**Stored data**
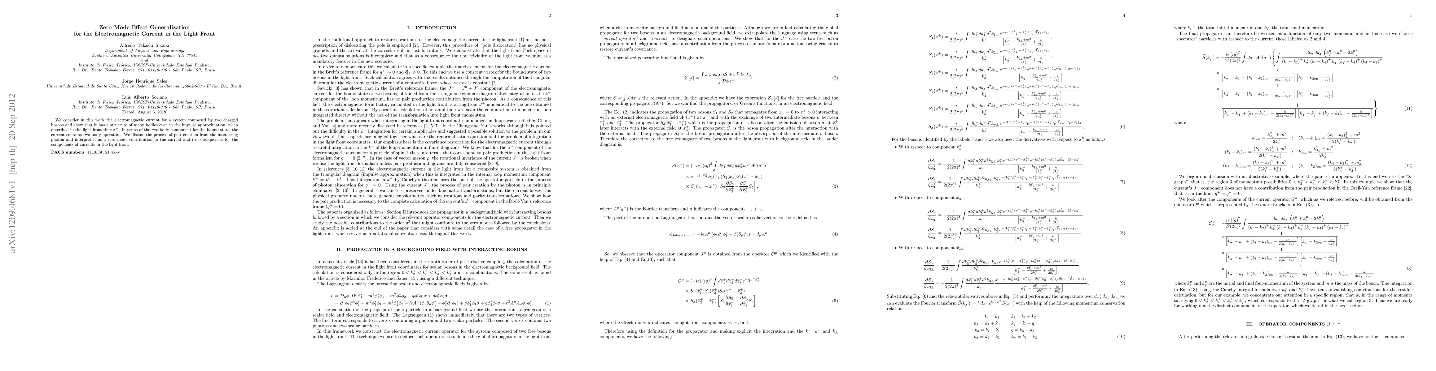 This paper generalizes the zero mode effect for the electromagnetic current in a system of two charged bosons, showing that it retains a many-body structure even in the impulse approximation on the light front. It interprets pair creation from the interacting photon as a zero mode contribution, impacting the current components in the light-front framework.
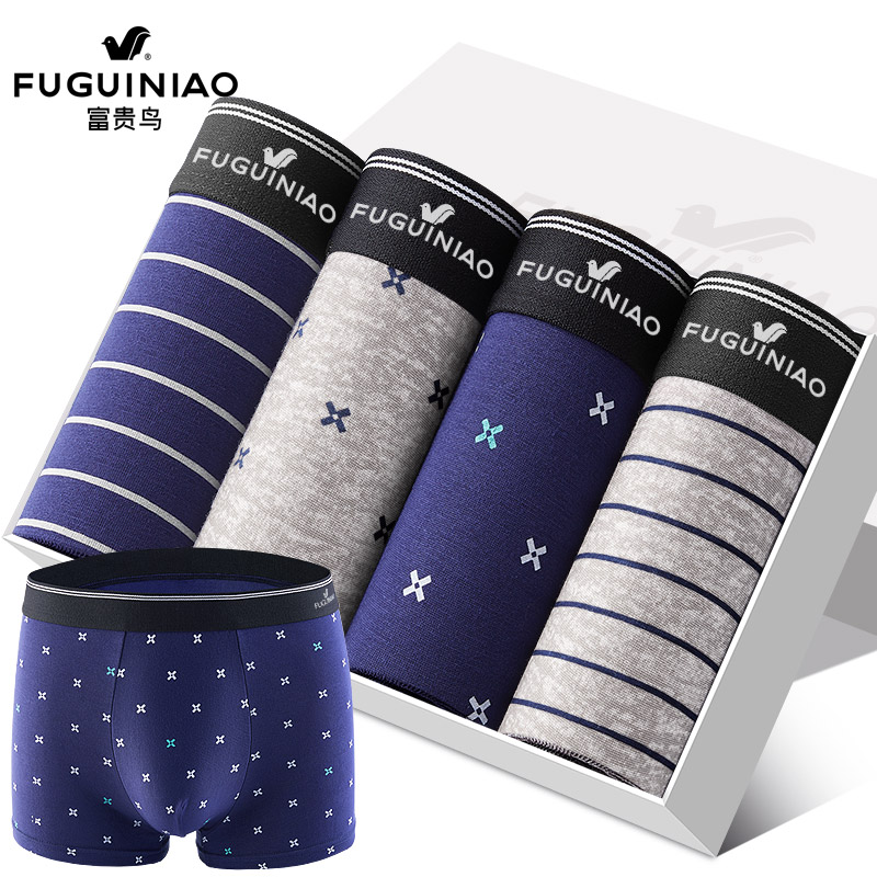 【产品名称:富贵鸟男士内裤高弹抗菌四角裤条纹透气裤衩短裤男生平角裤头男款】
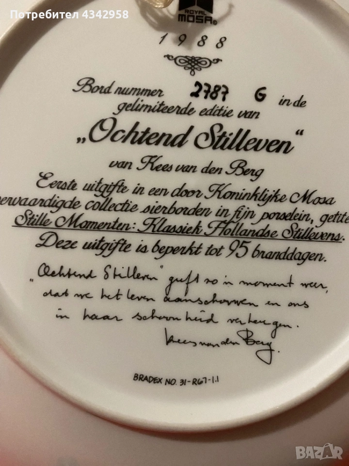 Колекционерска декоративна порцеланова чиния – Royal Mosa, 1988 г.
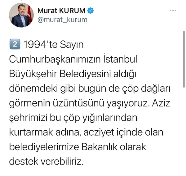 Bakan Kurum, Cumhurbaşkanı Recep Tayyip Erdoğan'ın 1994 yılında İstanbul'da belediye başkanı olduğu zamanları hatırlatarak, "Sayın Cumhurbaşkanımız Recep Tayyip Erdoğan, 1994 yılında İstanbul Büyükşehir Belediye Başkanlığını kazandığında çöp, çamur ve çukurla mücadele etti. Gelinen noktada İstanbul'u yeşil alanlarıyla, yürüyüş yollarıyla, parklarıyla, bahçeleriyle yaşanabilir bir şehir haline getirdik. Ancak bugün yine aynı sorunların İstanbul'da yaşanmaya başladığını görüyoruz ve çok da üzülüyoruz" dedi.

**Requirement**
Only the pictures may be dropped when you copy the data above; everything else stays exact.

**Finished exercise**
 This paper generalizes the zero mode effect for the electromagnetic current in a system of two charged bosons, showing that it retains a many-body structure even in the impulse approximation on the light front. It interprets pair creation from the interacting photon as a zero mode contribution, impacting the current components in the light-front framework.
 【产品名称:富贵鸟男士内裤高弹抗菌四角裤条纹透气裤衩短裤男生平角裤头男款】
 Колекционерска декоративна порцеланова чиния – Royal Mosa, 1988 г.
 Bakan Kurum, Cumhurbaşkanı Recep Tayyip Erdoğan'ın 1994 yılında İstanbul'da belediye başkanı olduğu zamanları hatırlatarak, "Sayın Cumhurbaşkanımız Recep Tayyip Erdoğan, 1994 yılında İstanbul Büyükşehir Belediye Başkanlığını kazandığında çöp, çamur ve çukurla mücadele etti. Gelinen noktada İstanbul'u yeşil alanlarıyla, yürüyüş yollarıyla, parklarıyla, bahçeleriyle yaşanabilir bir şehir haline getirdik. Ancak bugün yine aynı sorunların İstanbul'da yaşanmaya başladığını görüyoruz ve çok da üzülüyoruz" dedi.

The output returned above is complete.